● **Work item**:
Every line below from the one with "統(tǒng)一服務(wù)" through the one with "NEW CONSTRUCTION one-of-a-kind" is to be repeated exactly, with no picture among them.

● **Supplied entries**:
----
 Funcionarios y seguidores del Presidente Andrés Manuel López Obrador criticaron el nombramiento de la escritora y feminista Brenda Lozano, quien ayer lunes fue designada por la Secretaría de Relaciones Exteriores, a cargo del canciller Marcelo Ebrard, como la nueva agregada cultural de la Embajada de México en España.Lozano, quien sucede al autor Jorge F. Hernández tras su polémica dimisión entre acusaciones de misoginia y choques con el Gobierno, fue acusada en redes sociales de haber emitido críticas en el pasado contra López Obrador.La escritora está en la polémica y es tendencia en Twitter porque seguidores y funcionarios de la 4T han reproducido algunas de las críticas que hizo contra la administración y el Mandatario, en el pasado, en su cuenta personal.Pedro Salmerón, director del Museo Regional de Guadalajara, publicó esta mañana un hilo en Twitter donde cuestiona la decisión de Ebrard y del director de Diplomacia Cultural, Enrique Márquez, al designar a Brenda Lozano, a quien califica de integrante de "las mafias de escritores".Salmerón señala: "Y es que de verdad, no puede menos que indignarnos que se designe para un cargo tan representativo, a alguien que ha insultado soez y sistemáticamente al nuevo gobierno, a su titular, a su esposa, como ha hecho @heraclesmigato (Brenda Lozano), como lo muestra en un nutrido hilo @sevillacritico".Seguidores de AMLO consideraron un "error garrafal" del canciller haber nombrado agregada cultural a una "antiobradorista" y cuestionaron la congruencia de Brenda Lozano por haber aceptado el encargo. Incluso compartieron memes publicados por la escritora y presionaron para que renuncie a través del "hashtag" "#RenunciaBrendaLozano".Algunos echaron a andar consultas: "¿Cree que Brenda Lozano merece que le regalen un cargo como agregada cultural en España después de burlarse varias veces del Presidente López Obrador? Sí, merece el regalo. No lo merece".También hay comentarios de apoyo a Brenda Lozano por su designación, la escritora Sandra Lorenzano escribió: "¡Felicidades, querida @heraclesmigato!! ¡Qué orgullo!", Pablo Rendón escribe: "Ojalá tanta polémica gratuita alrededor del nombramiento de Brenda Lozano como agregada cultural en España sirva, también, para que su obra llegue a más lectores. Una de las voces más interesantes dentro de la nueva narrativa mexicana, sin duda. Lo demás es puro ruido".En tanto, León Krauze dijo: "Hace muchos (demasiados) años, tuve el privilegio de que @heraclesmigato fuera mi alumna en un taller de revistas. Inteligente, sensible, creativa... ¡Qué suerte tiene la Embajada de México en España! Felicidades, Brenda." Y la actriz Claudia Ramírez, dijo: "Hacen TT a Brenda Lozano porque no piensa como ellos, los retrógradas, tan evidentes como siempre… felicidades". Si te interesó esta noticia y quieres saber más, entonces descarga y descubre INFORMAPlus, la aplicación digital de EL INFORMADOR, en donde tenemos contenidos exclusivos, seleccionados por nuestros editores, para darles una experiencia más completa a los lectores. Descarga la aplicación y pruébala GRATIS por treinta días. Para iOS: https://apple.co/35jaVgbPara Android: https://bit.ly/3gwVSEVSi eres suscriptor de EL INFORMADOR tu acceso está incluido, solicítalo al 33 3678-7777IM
----
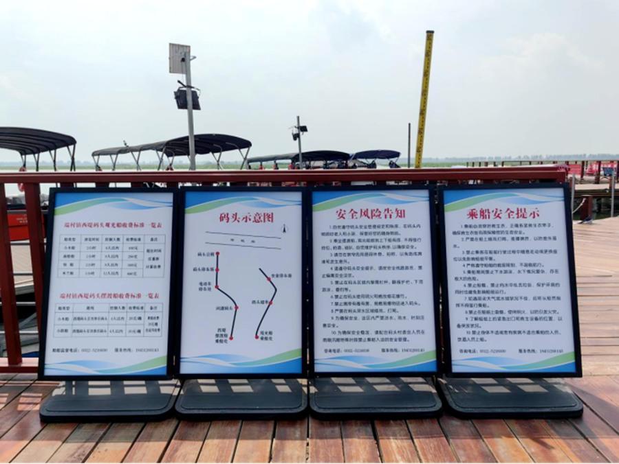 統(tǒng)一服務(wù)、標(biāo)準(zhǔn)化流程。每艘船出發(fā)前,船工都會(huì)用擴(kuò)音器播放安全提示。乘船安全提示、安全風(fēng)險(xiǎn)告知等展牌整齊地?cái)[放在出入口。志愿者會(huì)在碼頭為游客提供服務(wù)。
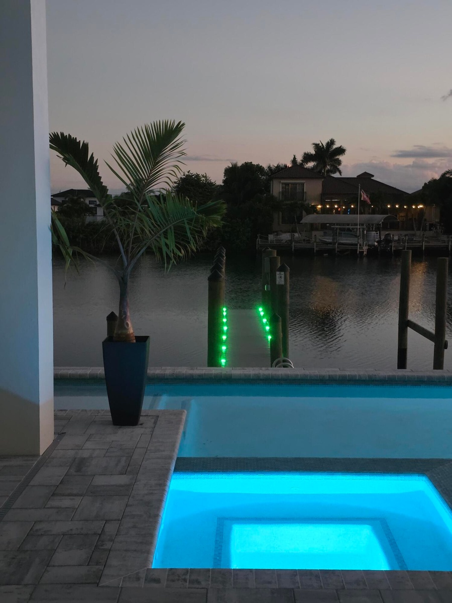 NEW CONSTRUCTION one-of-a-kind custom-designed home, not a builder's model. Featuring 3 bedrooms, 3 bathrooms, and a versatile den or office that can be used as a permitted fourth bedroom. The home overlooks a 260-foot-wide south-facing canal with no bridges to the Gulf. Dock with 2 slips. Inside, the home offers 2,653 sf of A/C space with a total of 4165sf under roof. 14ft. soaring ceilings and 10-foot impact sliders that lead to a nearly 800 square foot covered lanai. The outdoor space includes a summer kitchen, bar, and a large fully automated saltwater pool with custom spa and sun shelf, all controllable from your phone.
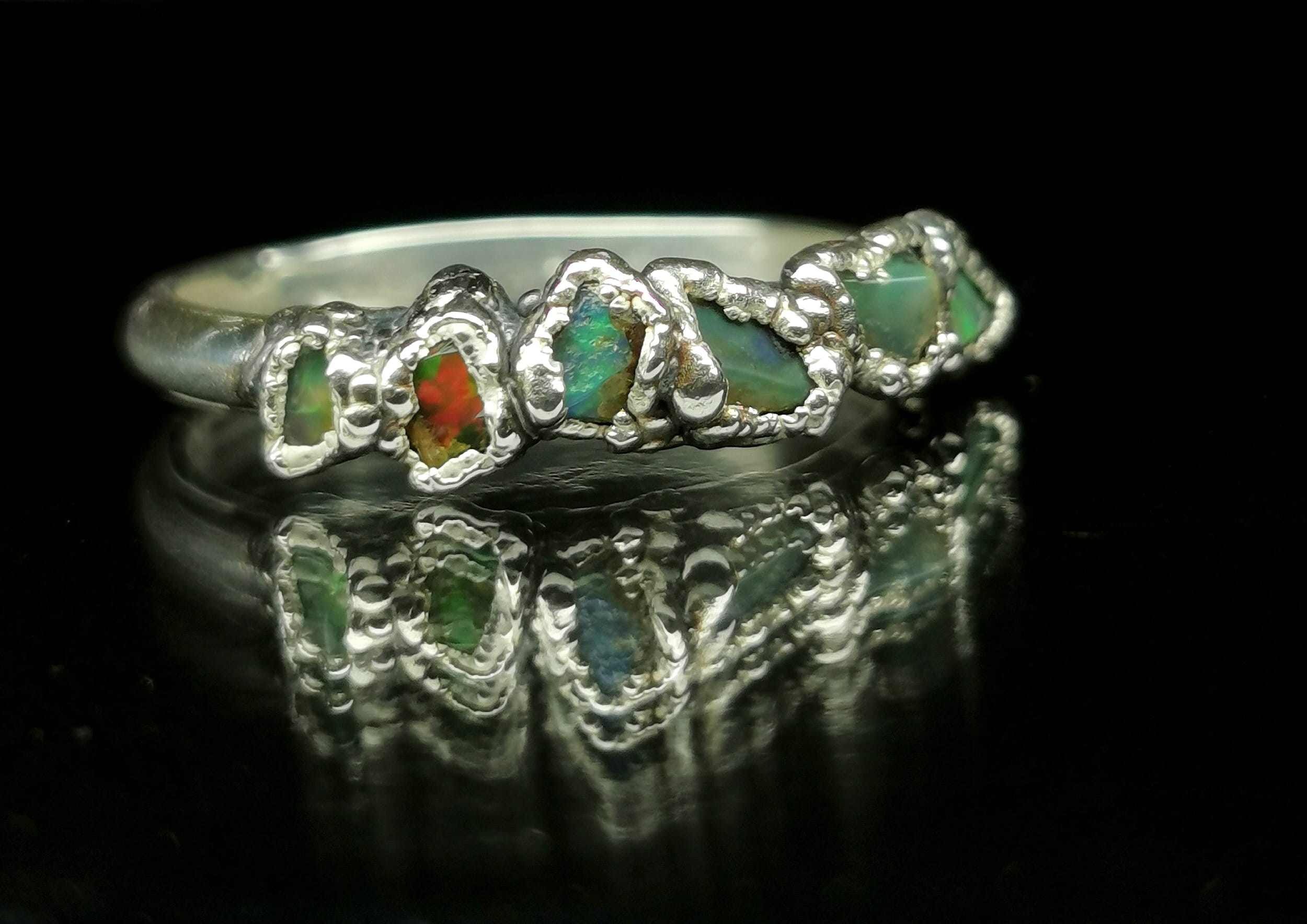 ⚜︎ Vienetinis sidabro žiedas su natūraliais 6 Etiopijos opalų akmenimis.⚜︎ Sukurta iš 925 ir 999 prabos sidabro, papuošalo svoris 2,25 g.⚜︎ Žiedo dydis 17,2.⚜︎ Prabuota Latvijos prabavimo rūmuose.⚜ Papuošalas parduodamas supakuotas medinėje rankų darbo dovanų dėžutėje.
----
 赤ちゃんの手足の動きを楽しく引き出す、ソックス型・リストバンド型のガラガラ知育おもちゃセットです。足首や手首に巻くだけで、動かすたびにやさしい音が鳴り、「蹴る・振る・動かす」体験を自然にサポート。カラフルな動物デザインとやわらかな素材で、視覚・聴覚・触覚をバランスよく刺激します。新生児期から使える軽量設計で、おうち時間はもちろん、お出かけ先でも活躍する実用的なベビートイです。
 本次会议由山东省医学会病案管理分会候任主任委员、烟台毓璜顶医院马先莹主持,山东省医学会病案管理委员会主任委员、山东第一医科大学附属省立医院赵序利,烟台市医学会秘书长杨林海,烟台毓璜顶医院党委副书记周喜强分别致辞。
----
● **The answer**:
 統(tǒng)一服務(wù)、標(biāo)準(zhǔn)化流程。每艘船出發(fā)前,船工都會(huì)用擴(kuò)音器播放安全提示。乘船安全提示、安全風(fēng)險(xiǎn)告知等展牌整齊地?cái)[放在出入口。志愿者會(huì)在碼頭為游客提供服務(wù)。
 NEW CONSTRUCTION one-of-a-kind custom-designed home, not a builder's model. Featuring 3 bedrooms, 3 bathrooms, and a versatile den or office that can be used as a permitted fourth bedroom. The home overlooks a 260-foot-wide south-facing canal with no bridges to the Gulf. Dock with 2 slips. Inside, the home offers 2,653 sf of A/C space with a total of 4165sf under roof. 14ft. soaring ceilings and 10-foot impact sliders that lead to a nearly 800 square foot covered lanai. The outdoor space includes a summer kitchen, bar, and a large fully automated saltwater pool with custom spa and sun shelf, all controllable from your phone.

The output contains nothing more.